PROMPT
Whenever a picture appears in the data, skip it and write out all other material exactly.

RECORDS PROVIDED
══════════════════════════════
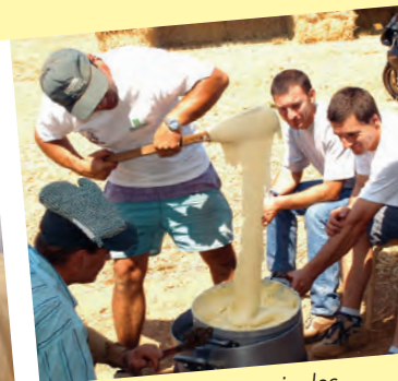
Les manifestations agricoles remportent toujours un vif succès !
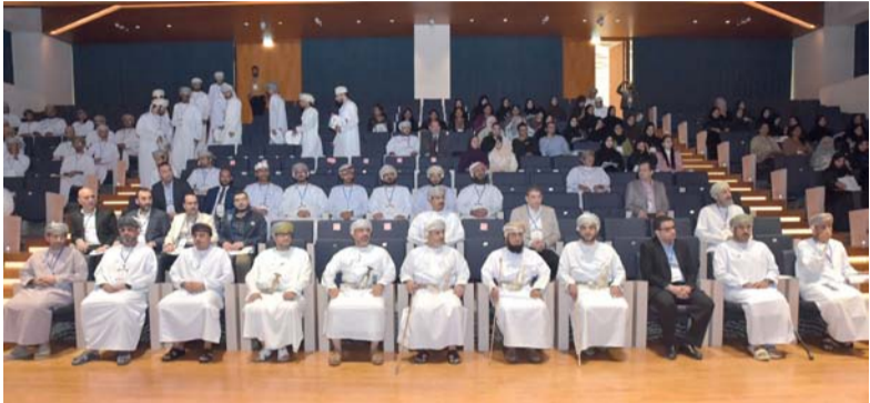
الحضور أثناء الحفل
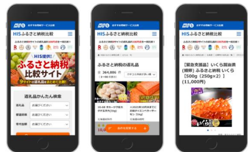
スマートフォン画面イメージ

サイトごとの特徴を比較することで、わかりにくさを軽減することが出来れば、関心や興味を持っていただく方の増加に繋がり、ふるさと納税が地域の魅力向上につながると考えております。これまで観光業を通じて人と国と地域を結んできた HIS ですが、このサービスにより、お客様、自治体、取引先の皆様が有益を得られる関係を築けるよう、しいては地域への貢献の一助となるよう、今後も様々な取り組みを進めてまいります。
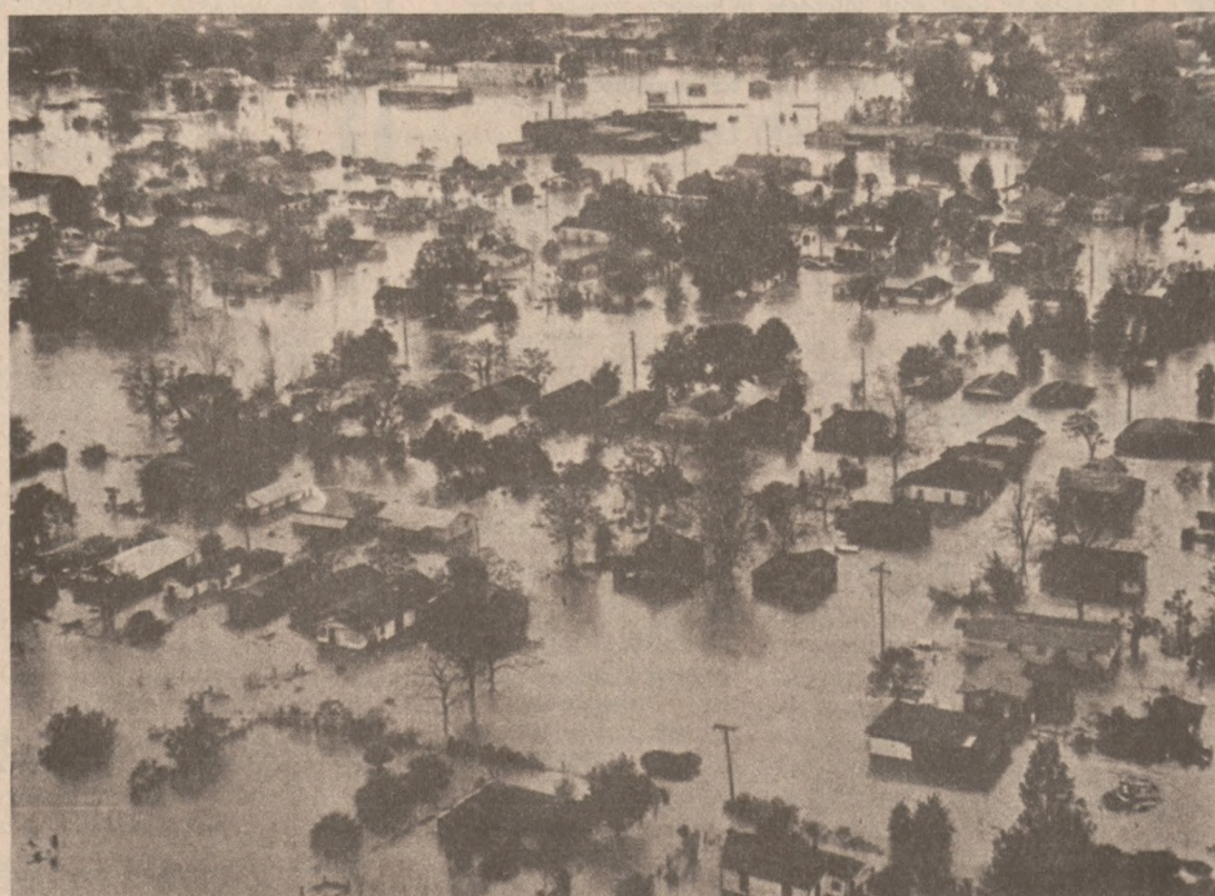
HATTIESBURG, MISS. — Topniejące śniegi na północy kraju i ulewne deszcze w rejonach centralnych, spowodowały nagły przybór wody niedaleko ujścia rzeki Mississippi i gwałtowną powódź. Kilka tysięcy ludzi ewakuowano przymusowo z terenów najbardziej zagrożonych.

Czerwony Krzyż ostrzega rybaków i łodkarzy, iż woda jest w obecnej porze roku jeszcze bardzo zimna i może być przyczyną śmierci. Nawet doświadczeni pływacy mogą utonąć, gdy unieruchomi ich lodowata woda.
══════════════════════════════
REPLY
Les manifestations agricoles remportent toujours un vif succès !
الحضور أثناء الحفل
スマートフォン画面イメージ

サイトごとの特徴を比較することで、わかりにくさを軽減することが出来れば、関心や興味を持っていただく方の増加に繋がり、ふるさと納税が地域の魅力向上につながると考えております。これまで観光業を通じて人と国と地域を結んできた HIS ですが、このサービスにより、お客様、自治体、取引先の皆様が有益を得られる関係を築けるよう、しいては地域への貢献の一助となるよう、今後も様々な取り組みを進めてまいります。
HATTIESBURG, MISS. — Topniejące śniegi na północy kraju i ulewne deszcze w rejonach centralnych, spowodowały nagły przybór wody niedaleko ujścia rzeki Mississippi i gwałtowną powódź. Kilka tysięcy ludzi ewakuowano przymusowo z terenów najbardziej zagrożonych.

Czerwony Krzyż ostrzega rybaków i łodkarzy, iż woda jest w obecnej porze roku jeszcze bardzo zimna i może być przyczyną śmierci. Nawet doświadczeni pływacy mogą utonąć, gdy unieruchomi ich lodowata woda.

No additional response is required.